- Opening Delimiter -
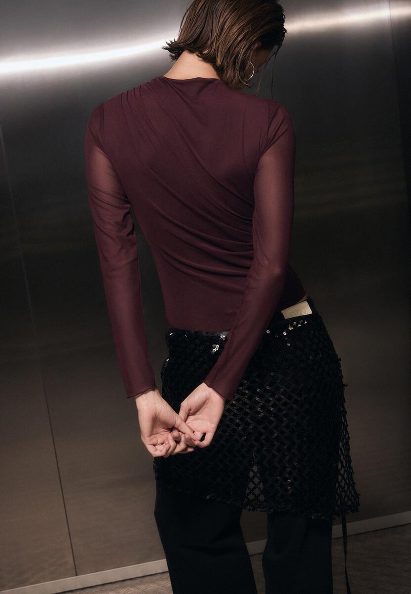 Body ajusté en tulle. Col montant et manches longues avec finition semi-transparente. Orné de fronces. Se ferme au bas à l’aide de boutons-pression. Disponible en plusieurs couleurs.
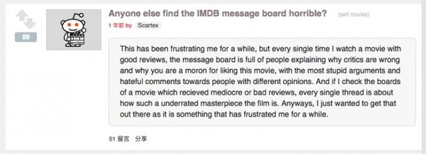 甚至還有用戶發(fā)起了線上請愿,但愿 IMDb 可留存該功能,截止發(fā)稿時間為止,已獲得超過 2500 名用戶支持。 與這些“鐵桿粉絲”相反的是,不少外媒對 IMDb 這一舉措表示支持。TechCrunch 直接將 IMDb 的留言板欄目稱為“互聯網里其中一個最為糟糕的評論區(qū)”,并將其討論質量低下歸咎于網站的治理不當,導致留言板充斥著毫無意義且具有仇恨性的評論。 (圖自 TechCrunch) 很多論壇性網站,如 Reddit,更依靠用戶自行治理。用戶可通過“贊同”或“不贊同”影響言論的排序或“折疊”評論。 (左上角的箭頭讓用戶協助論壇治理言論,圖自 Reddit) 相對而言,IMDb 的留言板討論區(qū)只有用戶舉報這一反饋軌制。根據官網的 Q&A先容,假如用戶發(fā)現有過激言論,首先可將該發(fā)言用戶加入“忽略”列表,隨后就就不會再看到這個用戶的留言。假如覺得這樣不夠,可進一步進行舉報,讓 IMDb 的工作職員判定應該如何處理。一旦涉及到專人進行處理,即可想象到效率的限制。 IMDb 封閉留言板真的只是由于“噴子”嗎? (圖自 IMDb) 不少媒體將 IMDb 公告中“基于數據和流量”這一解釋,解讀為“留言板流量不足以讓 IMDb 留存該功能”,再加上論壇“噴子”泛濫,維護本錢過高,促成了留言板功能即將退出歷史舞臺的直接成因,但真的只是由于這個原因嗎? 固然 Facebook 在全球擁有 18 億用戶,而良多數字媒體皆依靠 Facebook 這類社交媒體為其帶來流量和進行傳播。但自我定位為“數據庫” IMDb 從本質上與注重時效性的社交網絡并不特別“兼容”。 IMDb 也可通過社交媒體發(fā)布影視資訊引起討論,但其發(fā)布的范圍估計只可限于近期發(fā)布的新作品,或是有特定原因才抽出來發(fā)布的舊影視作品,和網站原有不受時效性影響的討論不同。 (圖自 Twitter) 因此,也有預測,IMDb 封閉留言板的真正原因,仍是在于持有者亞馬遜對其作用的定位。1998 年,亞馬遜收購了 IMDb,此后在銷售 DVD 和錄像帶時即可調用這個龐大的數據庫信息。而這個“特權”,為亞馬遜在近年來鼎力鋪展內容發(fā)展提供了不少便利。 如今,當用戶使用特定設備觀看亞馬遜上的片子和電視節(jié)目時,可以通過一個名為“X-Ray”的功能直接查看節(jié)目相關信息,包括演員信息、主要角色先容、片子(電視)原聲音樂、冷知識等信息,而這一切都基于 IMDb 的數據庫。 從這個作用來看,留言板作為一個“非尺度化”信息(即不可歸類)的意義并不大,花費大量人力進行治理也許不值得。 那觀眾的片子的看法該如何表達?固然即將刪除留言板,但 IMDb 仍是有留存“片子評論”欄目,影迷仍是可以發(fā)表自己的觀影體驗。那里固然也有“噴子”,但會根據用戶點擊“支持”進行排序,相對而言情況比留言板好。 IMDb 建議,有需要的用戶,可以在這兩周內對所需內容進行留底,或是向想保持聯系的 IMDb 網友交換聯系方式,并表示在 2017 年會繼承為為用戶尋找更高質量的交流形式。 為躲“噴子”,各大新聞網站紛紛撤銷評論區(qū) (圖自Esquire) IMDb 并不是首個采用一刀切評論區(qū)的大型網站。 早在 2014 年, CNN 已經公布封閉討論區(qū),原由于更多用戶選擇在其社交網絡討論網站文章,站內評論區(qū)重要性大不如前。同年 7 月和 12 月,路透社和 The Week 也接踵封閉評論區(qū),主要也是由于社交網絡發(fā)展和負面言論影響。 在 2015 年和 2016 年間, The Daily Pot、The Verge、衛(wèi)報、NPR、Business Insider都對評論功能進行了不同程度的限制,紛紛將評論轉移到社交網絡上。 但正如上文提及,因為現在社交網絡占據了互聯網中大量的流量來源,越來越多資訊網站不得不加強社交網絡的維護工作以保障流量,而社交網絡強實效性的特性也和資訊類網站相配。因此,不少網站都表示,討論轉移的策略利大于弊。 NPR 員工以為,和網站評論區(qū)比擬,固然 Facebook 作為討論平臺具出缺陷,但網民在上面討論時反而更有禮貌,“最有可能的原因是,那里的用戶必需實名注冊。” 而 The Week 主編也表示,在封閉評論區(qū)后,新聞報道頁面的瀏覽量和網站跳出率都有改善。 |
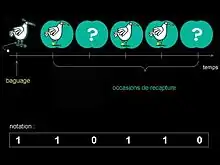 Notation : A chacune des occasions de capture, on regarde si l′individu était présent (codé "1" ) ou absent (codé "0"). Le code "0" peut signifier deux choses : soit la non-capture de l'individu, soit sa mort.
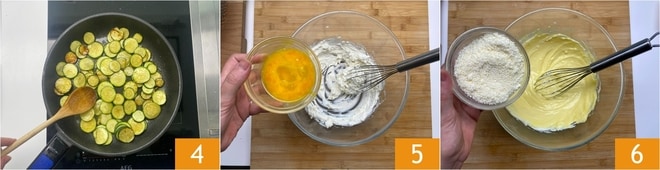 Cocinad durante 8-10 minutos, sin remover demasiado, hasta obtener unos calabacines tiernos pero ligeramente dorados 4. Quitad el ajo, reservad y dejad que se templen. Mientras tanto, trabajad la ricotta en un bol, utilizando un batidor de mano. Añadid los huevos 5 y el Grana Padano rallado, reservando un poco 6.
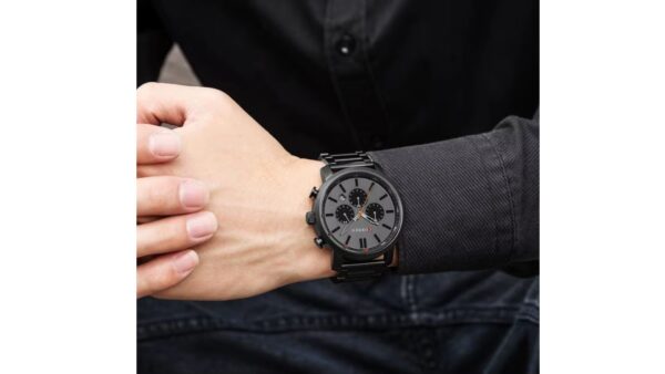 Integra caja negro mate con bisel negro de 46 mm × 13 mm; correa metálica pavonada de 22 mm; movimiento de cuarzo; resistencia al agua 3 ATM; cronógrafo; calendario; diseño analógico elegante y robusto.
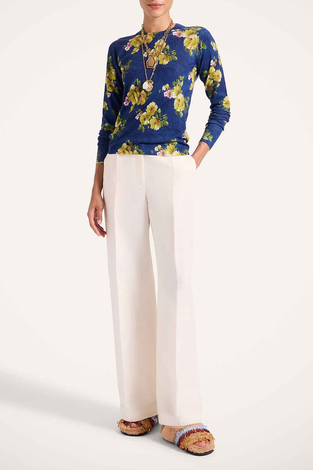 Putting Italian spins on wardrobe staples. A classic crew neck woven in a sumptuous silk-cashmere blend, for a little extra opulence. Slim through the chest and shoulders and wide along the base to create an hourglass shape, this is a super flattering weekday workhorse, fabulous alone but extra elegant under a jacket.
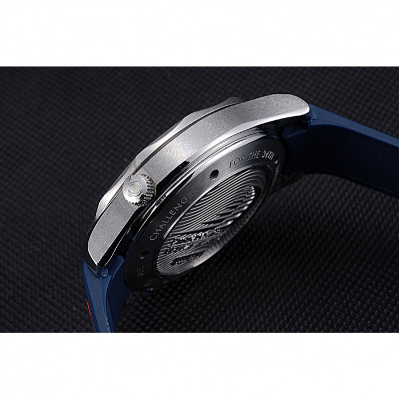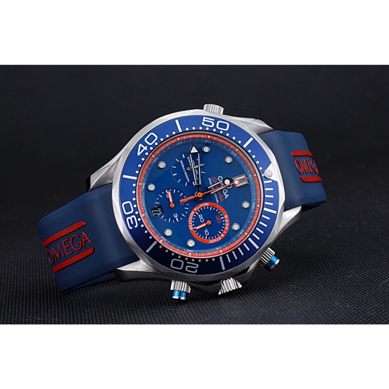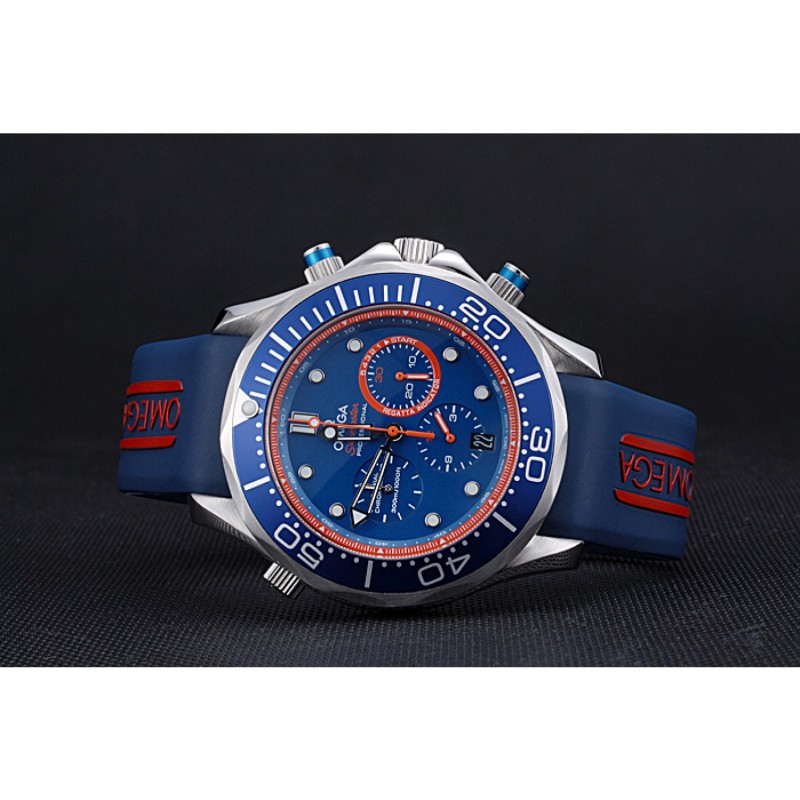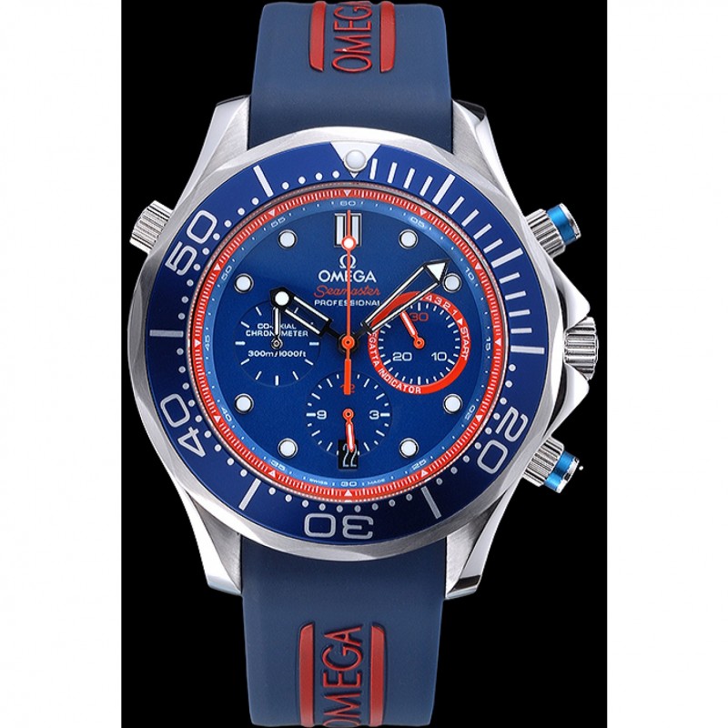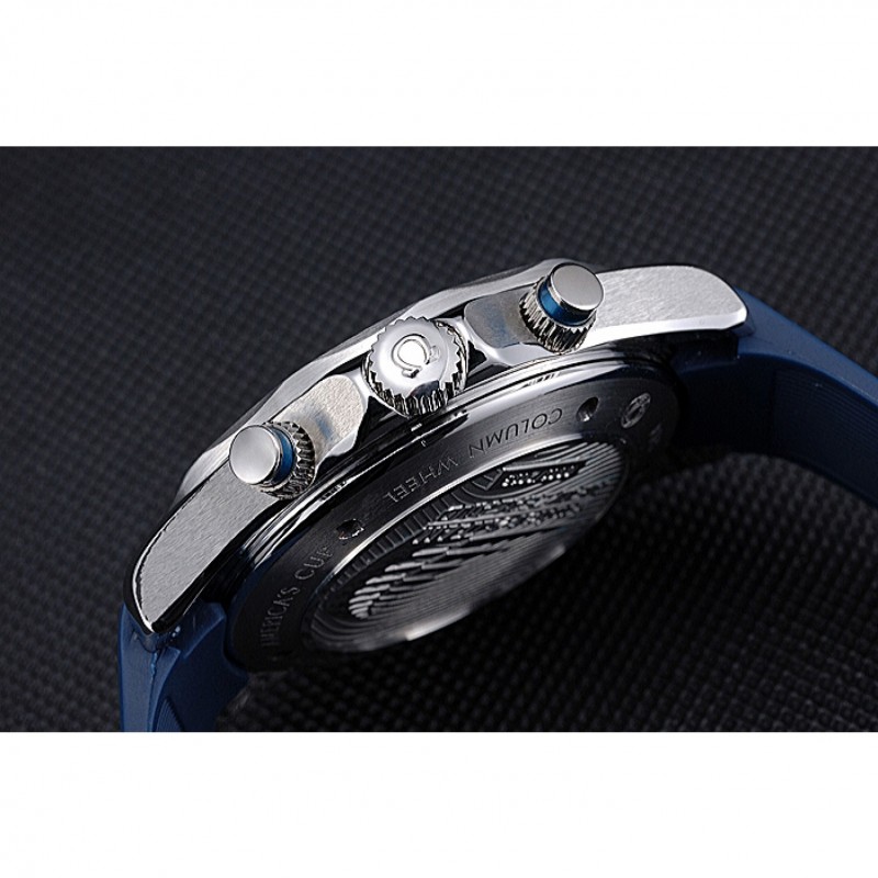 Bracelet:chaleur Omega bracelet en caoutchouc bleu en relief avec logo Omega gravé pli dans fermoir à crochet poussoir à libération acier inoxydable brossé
- Closing Delimiter -
**Work request**
Without the pictures, return the whole of the data exactly as given.

**Task answer**
 Body ajusté en tulle. Col montant et manches longues avec finition semi-transparente. Orné de fronces. Se ferme au bas à l’aide de boutons-pression. Disponible en plusieurs couleurs.
 甚至還有用戶發(fā)起了線上請愿,但愿 IMDb 可留存該功能,截止發(fā)稿時間為止,已獲得超過 2500 名用戶支持。 與這些“鐵桿粉絲”相反的是,不少外媒對 IMDb 這一舉措表示支持。TechCrunch 直接將 IMDb 的留言板欄目稱為“互聯網里其中一個最為糟糕的評論區(qū)”,并將其討論質量低下歸咎于網站的治理不當,導致留言板充斥著毫無意義且具有仇恨性的評論。 (圖自 TechCrunch) 很多論壇性網站,如 Reddit,更依靠用戶自行治理。用戶可通過“贊同”或“不贊同”影響言論的排序或“折疊”評論。 (左上角的箭頭讓用戶協助論壇治理言論,圖自 Reddit) 相對而言,IMDb 的留言板討論區(qū)只有用戶舉報這一反饋軌制。根據官網的 Q&A先容,假如用戶發(fā)現有過激言論,首先可將該發(fā)言用戶加入“忽略”列表,隨后就就不會再看到這個用戶的留言。假如覺得這樣不夠,可進一步進行舉報,讓 IMDb 的工作職員判定應該如何處理。一旦涉及到專人進行處理,即可想象到效率的限制。 IMDb 封閉留言板真的只是由于“噴子”嗎? (圖自 IMDb) 不少媒體將 IMDb 公告中“基于數據和流量”這一解釋,解讀為“留言板流量不足以讓 IMDb 留存該功能”,再加上論壇“噴子”泛濫,維護本錢過高,促成了留言板功能即將退出歷史舞臺的直接成因,但真的只是由于這個原因嗎? 固然 Facebook 在全球擁有 18 億用戶,而良多數字媒體皆依靠 Facebook 這類社交媒體為其帶來流量和進行傳播。但自我定位為“數據庫” IMDb 從本質上與注重時效性的社交網絡并不特別“兼容”。 IMDb 也可通過社交媒體發(fā)布影視資訊引起討論,但其發(fā)布的范圍估計只可限于近期發(fā)布的新作品,或是有特定原因才抽出來發(fā)布的舊影視作品,和網站原有不受時效性影響的討論不同。 (圖自 Twitter) 因此,也有預測,IMDb 封閉留言板的真正原因,仍是在于持有者亞馬遜對其作用的定位。1998 年,亞馬遜收購了 IMDb,此后在銷售 DVD 和錄像帶時即可調用這個龐大的數據庫信息。而這個“特權”,為亞馬遜在近年來鼎力鋪展內容發(fā)展提供了不少便利。 如今,當用戶使用特定設備觀看亞馬遜上的片子和電視節(jié)目時,可以通過一個名為“X-Ray”的功能直接查看節(jié)目相關信息,包括演員信息、主要角色先容、片子(電視)原聲音樂、冷知識等信息,而這一切都基于 IMDb 的數據庫。 從這個作用來看,留言板作為一個“非尺度化”信息(即不可歸類)的意義并不大,花費大量人力進行治理也許不值得。 那觀眾的片子的看法該如何表達?固然即將刪除留言板,但 IMDb 仍是有留存“片子評論”欄目,影迷仍是可以發(fā)表自己的觀影體驗。那里固然也有“噴子”,但會根據用戶點擊“支持”進行排序,相對而言情況比留言板好。 IMDb 建議,有需要的用戶,可以在這兩周內對所需內容進行留底,或是向想保持聯系的 IMDb 網友交換聯系方式,并表示在 2017 年會繼承為為用戶尋找更高質量的交流形式。 為躲“噴子”,各大新聞網站紛紛撤銷評論區(qū) (圖自Esquire) IMDb 并不是首個采用一刀切評論區(qū)的大型網站。 早在 2014 年, CNN 已經公布封閉討論區(qū),原由于更多用戶選擇在其社交網絡討論網站文章,站內評論區(qū)重要性大不如前。同年 7 月和 12 月,路透社和 The Week 也接踵封閉評論區(qū),主要也是由于社交網絡發(fā)展和負面言論影響。 在 2015 年和 2016 年間, The Daily Pot、The Verge、衛(wèi)報、NPR、Business Insider都對評論功能進行了不同程度的限制,紛紛將評論轉移到社交網絡上。 但正如上文提及,因為現在社交網絡占據了互聯網中大量的流量來源,越來越多資訊網站不得不加強社交網絡的維護工作以保障流量,而社交網絡強實效性的特性也和資訊類網站相配。因此,不少網站都表示,討論轉移的策略利大于弊。 NPR 員工以為,和網站評論區(qū)比擬,固然 Facebook 作為討論平臺具出缺陷,但網民在上面討論時反而更有禮貌,“最有可能的原因是,那里的用戶必需實名注冊。” 而 The Week 主編也表示,在封閉評論區(qū)后,新聞報道頁面的瀏覽量和網站跳出率都有改善。 |
 Notation : A chacune des occasions de capture, on regarde si l′individu était présent (codé "1" ) ou absent (codé "0"). Le code "0" peut signifier deux choses : soit la non-capture de l'individu, soit sa mort.
 Cocinad durante 8-10 minutos, sin remover demasiado, hasta obtener unos calabacines tiernos pero ligeramente dorados 4. Quitad el ajo, reservad y dejad que se templen. Mientras tanto, trabajad la ricotta en un bol, utilizando un batidor de mano. Añadid los huevos 5 y el Grana Padano rallado, reservando un poco 6.
 Integra caja negro mate con bisel negro de 46 mm × 13 mm; correa metálica pavonada de 22 mm; movimiento de cuarzo; resistencia al agua 3 ATM; cronógrafo; calendario; diseño analógico elegante y robusto.
 Putting Italian spins on wardrobe staples. A classic crew neck woven in a sumptuous silk-cashmere blend, for a little extra opulence. Slim through the chest and shoulders and wide along the base to create an hourglass shape, this is a super flattering weekday workhorse, fabulous alone but extra elegant under a jacket.
 Bracelet:chaleur Omega bracelet en caoutchouc bleu en relief avec logo Omega gravé pli dans fermoir à crochet poussoir à libération acier inoxydable brossé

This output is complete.